Mas não. A escuridão tardava a cessar e seus olhos eram duas labaredas atentas aos contornos daquele mundo sem luz que, de quando em quando se fechavam para dedicar seus sentidos exclusivamente aquele movimento contínuo, tic, tic. Vício. De repente se imaginou em uma reunião de loucos anônimos viciados em bater em vidros de janelas, fazendo confissões e contando há quanto tempo não fazia mais isso, “um dia de cada vez”. tic, tic.
Imaginara também os jornais noticiando a morte de pessoas por overdose de tic, tic. “O excelentíssimo doutor Fulano de Tal, que deu entrada ontem à tarde no Hospital São Sei Lá do Quê com um quadro grave de overdose tictídica, veio a falecer agora à noite. Fulano de Tal bateu tantas vezes e com tal força contra o vidro de sua janela que provocou uma hemorragia interna... tarará-tarará”. Riu, abafado, porém enlouquecidamente.
A aurora fez que ia surgir, mas o negro tapete de estrelas ainda não queria ser suspenso, tic, tic, tic, tic, tic. O ritmo daquela compulsão havia aumentado, junto com o ranger de dentes e uma principiante falta de ar. Sentia o ar gelado das primeiras horas entrando pelos pulmões, mas não tanto quanto deveria. Mas não sentia isto. Aquela sua nova mania tinha um quê de indescritivelmente prazerosa que não permitia que ela notasse e se preocupasse com certas alterações em seu metabolismo, tic, tic, tic, tic. “Eu sou louca?”, pensava, “eu sou louca? eu sou louca?” tic, tic. Uma ansiedade sem motivo havia tomado conta dela e seu coração acelerava. Ela puxava mais o ar gélido que não vinha. Olhos acesos, abertos como de espanto, boca seca, tic, tic, sono que não chega, escuridão que não se vai, tic, tic, vidro, bater contra o vidro, vidro, tic, tic.
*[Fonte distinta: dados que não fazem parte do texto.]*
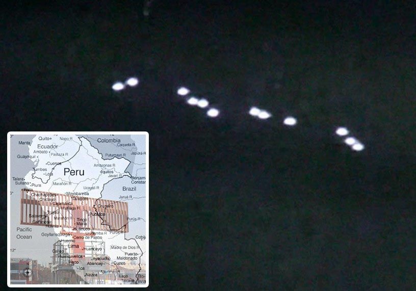 Tizenkét gömb alakú UFO törött vonalban sorakozott fel, valódi felfordulást váltott ki a repülőtéri alkalmazottak körében, tehát ezt az eseményt a perui Corporation hivatalosan rögzítette kereskedelmi repülés. Minden objektumhoz egyedi, nem mindenki ismeri a 0000 kódot, ami azt jelenti, hogy ez egy UFO, magyarázta Mario Zegarra ufológus, állítva, hogy van jegyzete diszpécserek tárgyalásai, valamint egy videó az UFO-sorozatról IR kamera, mivel ez a titokzatos repülés képes volt csak radaron vagy infravörös videókon rögzíthető sugárzás. Ez az oka annak, hogy még az interneten sem vannak videók ez elég sokat kiderült, és természetesen mindenkinek megvan okostelefonok kamerákkal …
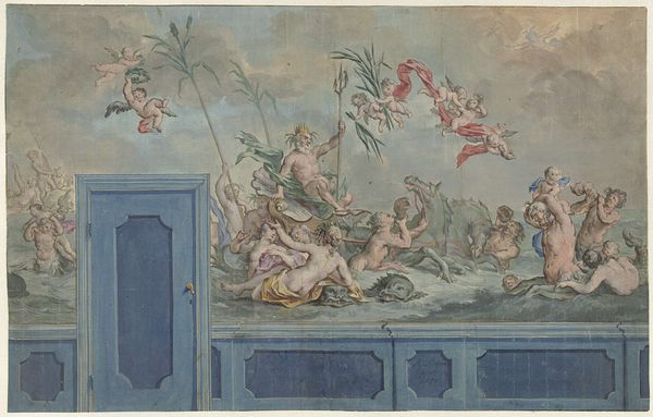 Editor: This is "Couple by a Fountain," a late 18th-century watercolor and drawing by Hubert Robert. It depicts a scene of leisure with a woman reclining as a child playfully diverts water from a fountain. I’m curious to know, what story do you think this image is trying to tell? Curator: I wouldn't be too concerned with a specific 'story'. Rather, I consider the image as evidence of the Rococo era's preoccupation with leisurely pursuits. Observe how the artist's handling of watercolor gives the entire scene a delicate, almost ephemeral quality, yet these are affluent people who are afforded time to sit about as laborers carry jugs. What does this visual economy signify for you? Editor: It makes me think about the privilege required to engage in such idleness. It contrasts with, say, the very real work of a servant carrying jugs of water, or of the artist creating this pretty fantasy. I hadn't thought about it like that. Curator: Exactly. We must not only celebrate this image as something aesthetically pleasing but investigate the power dynamics implicit in Robert's artistic project. By depicting leisurely fantasies and painting romantic scenes, it also raises questions regarding artistic labor, its intended consumer and cultural production. Where might these materials have come from? How might an object like this, itself seemingly light and decorative, engage with the burgeoning ideas around commerce, social stratification, and leisure of the period? Editor: So, rather than seeing a simple scene of people enjoying themselves, we should also examine the broader implications regarding the production of this artwork. Curator: Precisely. This watercolor then becomes a window into understanding 18th-century class structure. And don’t you think these observations offer a far more complete perspective on Robert's intentions?

Tum- tum, tum- tum, tum-tum, tum-tum, tum-tum, tuuuuuuuu... tic, tic parou.

Amanheceu.

“tantantantantantantantantan... Atenção para última notícia: a escritora Dominique Barroso foi encontrada morta em seu apartamento. A ingestão de uma grande quantidade de remédios anti-depressivos causou-lhe parada cardíaca... tururu-tururu... E agora, futebol! O Santos vence por 2 x 1...”.

Amanda Nascimento

[faz um tempo já que escrevi, não lembro quando, mas tá valendo ;)]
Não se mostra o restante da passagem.